**Action item:** From the records below, please print only the lines from the one containing "האזעקה נשמעה בגבים, מכללת" through the one containing "Colgante de plata", both included. Skip the pictures.

**Given entries:**
══════════

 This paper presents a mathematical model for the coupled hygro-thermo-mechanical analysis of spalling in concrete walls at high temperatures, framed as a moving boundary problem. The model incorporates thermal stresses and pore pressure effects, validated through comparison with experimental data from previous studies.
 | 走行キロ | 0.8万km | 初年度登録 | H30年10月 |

══════════

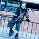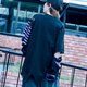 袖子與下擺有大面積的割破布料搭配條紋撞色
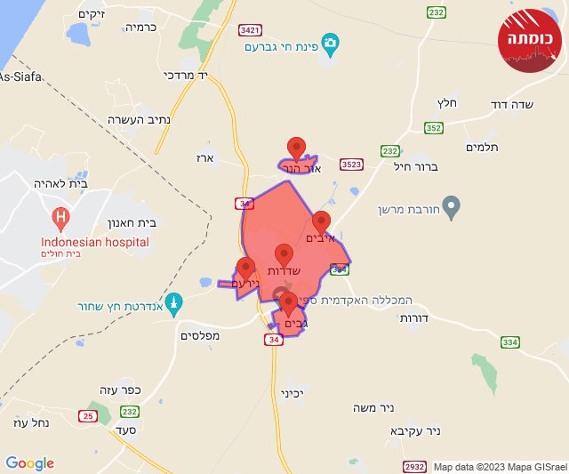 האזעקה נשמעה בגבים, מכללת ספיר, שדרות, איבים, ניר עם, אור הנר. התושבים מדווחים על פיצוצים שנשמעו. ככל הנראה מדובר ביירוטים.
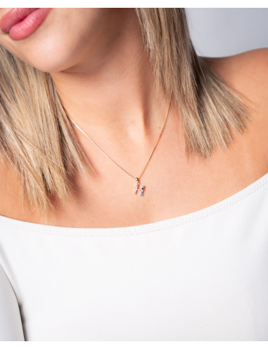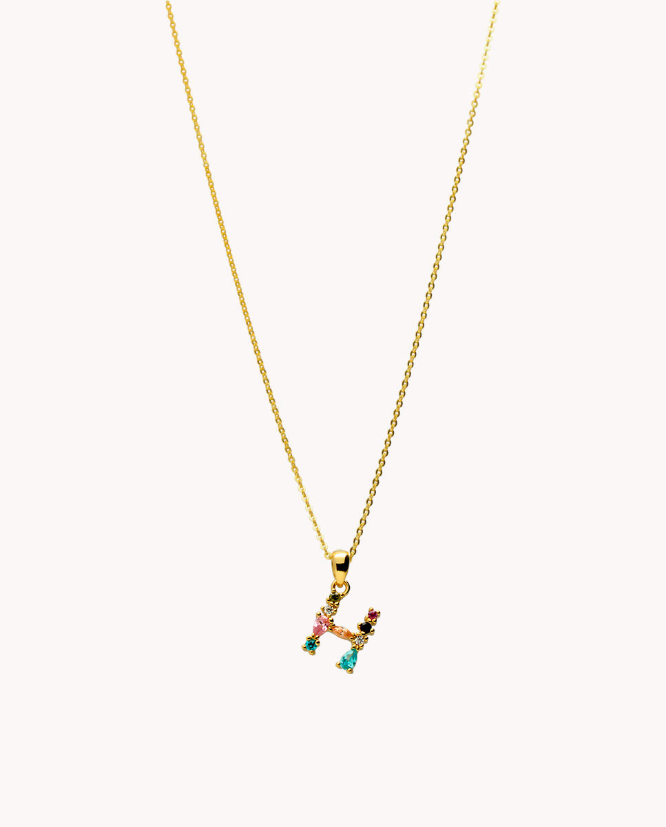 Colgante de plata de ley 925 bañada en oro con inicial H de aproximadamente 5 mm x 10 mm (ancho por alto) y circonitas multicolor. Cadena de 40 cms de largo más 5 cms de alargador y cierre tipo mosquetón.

══════════

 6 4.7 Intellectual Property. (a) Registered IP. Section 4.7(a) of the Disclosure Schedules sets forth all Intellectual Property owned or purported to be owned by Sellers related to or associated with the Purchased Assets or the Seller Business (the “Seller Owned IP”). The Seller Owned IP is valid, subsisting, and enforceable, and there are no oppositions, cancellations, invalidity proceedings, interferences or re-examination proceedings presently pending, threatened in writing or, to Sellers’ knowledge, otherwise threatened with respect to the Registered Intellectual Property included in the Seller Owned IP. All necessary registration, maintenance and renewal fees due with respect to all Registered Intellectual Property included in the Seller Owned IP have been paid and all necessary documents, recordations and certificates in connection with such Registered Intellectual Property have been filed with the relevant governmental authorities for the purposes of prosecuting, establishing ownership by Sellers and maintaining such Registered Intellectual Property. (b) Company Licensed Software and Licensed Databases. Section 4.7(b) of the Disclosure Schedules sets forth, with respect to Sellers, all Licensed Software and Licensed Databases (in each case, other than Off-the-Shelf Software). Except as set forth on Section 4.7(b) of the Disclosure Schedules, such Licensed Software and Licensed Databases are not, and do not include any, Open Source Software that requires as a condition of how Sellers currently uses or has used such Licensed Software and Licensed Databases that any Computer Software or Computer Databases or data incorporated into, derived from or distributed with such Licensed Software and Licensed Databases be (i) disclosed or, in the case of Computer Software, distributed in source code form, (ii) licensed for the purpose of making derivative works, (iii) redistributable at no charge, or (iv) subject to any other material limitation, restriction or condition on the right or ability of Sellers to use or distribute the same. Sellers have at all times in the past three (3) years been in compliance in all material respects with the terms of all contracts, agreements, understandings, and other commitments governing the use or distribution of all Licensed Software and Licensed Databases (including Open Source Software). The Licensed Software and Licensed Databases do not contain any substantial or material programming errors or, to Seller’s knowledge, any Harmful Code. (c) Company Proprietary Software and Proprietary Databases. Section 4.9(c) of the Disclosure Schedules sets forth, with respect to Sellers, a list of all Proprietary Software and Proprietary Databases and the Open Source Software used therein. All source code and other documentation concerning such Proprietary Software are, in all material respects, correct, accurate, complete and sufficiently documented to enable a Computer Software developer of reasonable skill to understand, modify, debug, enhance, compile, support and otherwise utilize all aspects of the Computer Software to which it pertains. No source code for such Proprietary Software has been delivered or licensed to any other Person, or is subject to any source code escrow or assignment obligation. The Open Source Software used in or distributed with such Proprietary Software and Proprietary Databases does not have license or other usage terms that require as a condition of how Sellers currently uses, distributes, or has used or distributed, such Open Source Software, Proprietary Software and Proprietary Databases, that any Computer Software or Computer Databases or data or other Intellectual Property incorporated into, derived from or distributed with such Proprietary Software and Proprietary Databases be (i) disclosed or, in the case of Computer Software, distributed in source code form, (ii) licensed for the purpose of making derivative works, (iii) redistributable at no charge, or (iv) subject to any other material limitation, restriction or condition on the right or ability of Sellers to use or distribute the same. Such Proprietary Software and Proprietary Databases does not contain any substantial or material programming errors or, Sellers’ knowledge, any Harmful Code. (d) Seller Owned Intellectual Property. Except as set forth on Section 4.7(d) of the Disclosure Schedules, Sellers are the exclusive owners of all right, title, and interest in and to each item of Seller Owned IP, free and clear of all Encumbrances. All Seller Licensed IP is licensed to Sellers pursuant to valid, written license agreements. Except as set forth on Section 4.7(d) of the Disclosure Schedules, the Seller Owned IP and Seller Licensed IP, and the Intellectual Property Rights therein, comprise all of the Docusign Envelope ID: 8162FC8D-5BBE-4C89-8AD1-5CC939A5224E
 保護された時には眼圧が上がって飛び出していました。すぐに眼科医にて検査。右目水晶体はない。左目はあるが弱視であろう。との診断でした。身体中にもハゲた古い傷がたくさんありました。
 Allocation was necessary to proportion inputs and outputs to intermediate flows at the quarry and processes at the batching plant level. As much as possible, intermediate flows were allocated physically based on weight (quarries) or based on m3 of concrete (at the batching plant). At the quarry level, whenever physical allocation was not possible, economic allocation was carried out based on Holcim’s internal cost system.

══════════

**Answer box:**
 האזעקה נשמעה בגבים, מכללת ספיר, שדרות, איבים, ניר עם, אור הנר. התושבים מדווחים על פיצוצים שנשמעו. ככל הנראה מדובר ביירוטים.
 Colgante de plata de ley 925 bañada en oro con inicial H de aproximadamente 5 mm x 10 mm (ancho por alto) y circonitas multicolor. Cadena de 40 cms de largo más 5 cms de alargador y cierre tipo mosquetón.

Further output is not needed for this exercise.